-- Data --
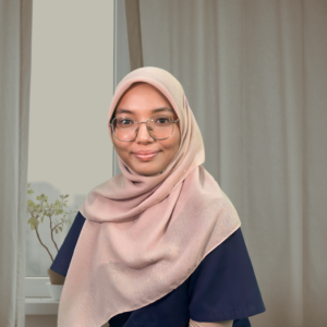 Nur Aliah Binti Zainal Abidin from Kamunting, Perak. She carried on her education at Selangor Matriculation College by enrolling in Science Foundation. Then Nur Aliah continued her education by pursuing a BSc (Hons) in Occupational Therapy at Universiti Teknologi Mara (UiTM). She
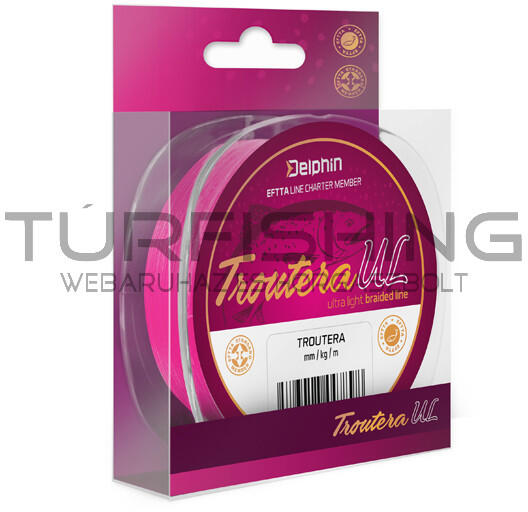 A Delphin Troutera UL egy rendkívül vékony, ugyanakkor rendkívül erős fonózsinór, amelyet pisztráng és kisebb ragadozó halak fogására terveztek. Vékony fluorkarbonnal kombinálva szinte láthatatlanná válik a víz felszíne alatt, ami lehetővé teszi, hogy a legóvatosabb ragadozókat is átverje kristálytiszta vízben. A zsinór nagyon gyorsan továbbítja a kapást a halaktól
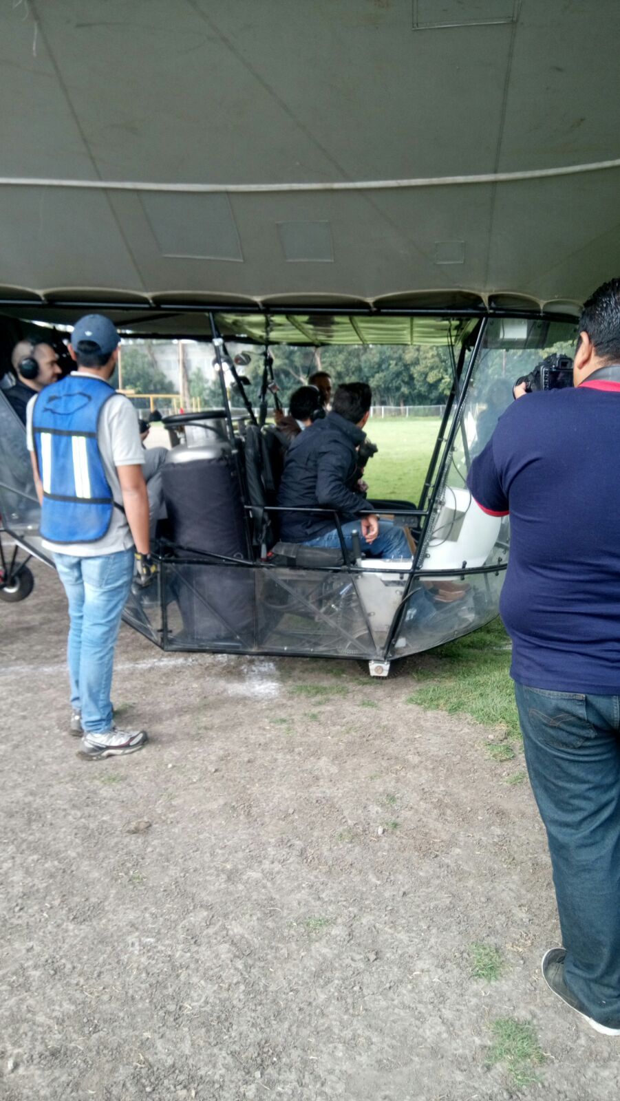 En la muestra del servicio, realizada en el campo de futbol americano de los Red Skins de Lomas Verdes, un grupo de seis personas, entre ellas el piloto, periodistas y personal de Cabify ingresó al dirigible.
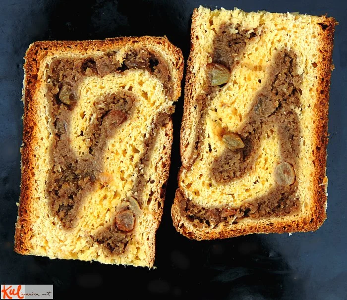 Testo razvaljamo na tanko (3 - 5 mm), namažemo z nadevom in potresemo z rozinami (prej jih čez noč namočim v rum) in suhimi orehi. Zavijemo in damo v pomaščen model. Pustimo vzhajati pol ure.

-- What is expected --
Set down all the material exactly once more. No pictures.

-- Answer box --
 Nur Aliah Binti Zainal Abidin from Kamunting, Perak. She carried on her education at Selangor Matriculation College by enrolling in Science Foundation. Then Nur Aliah continued her education by pursuing a BSc (Hons) in Occupational Therapy at Universiti Teknologi Mara (UiTM). She
 A Delphin Troutera UL egy rendkívül vékony, ugyanakkor rendkívül erős fonózsinór, amelyet pisztráng és kisebb ragadozó halak fogására terveztek. Vékony fluorkarbonnal kombinálva szinte láthatatlanná válik a víz felszíne alatt, ami lehetővé teszi, hogy a legóvatosabb ragadozókat is átverje kristálytiszta vízben. A zsinór nagyon gyorsan továbbítja a kapást a halaktól
 En la muestra del servicio, realizada en el campo de futbol americano de los Red Skins de Lomas Verdes, un grupo de seis personas, entre ellas el piloto, periodistas y personal de Cabify ingresó al dirigible.
 Testo razvaljamo na tanko (3 - 5 mm), namažemo z nadevom in potresemo z rozinami (prej jih čez noč namočim v rum) in suhimi orehi. Zavijemo in damo v pomaščen model. Pustimo vzhajati pol ure.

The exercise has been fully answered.